The club's debt rose by £21.8million to £87.2million in the 10 months between August 1 2011 to May 31 2012 - a restructured period designed to bring alignment with the football season.
However, the loss was less than the £49.3million made the previous year and done against the backdrop of no European football, although Liverpool did get to two cup finals, winning one.
Some of the deficit was as a result of investing heavily in the transfer market - and the costs associated with bringing in the likes of Stewart Downing (£20million) and Jordan Henderson (£16million) in the weeks preceding the accounting period - while offloading other players at a loss.
But with the club's owners Fenway Sports Group firmly focused on the impending arrival of Financial Fair Play Ayre stressed there was necessary work to be undertaken.

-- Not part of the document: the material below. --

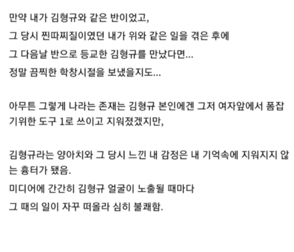 글쓴이는 또 "장소가 유동인구가 많은 곳이었던 까닭에 두려움 못지않게 수치심도 굉장히 컸지만 지금 돌이켜보면 어두운 골목이 아니라서 그나마 다행이었다는 생각이 든다"며 "그때 내가 느낀 복잡한 감정은 차치하고, 평소 그와 그의 형에 관련된 센 소문을 들은 적이 있기에 찍히지 않기 위해서 그 다음부터는 학교에서 어떻게든 김형규 눈에 띄지 않으려 숨어다녀야 했다"고 털어놨습니다.

"The key message for me is that we are continuing to transition to the point we have been working on for several years under this ownership - which is to continue to improve revenues and manage our cost base effectively," he said.
"The biggest cost base without doubt is player trading and player wages - but these accounts demonstrate that we are still working hard to improve that.
"I take comfort in the fact that the work we have done, some of which costs us a lot of money in this period and beyond, looks pretty painful at the time.
"But as long as you invest in it and manage it in the right way, then hopefully it bears fruit as we go forward and gives us a better platform to exist on in a different environment and in a world where we are expected to break even.
"You never take comfort from any business that makes a loss but I am pleased that we're making the progress we are making."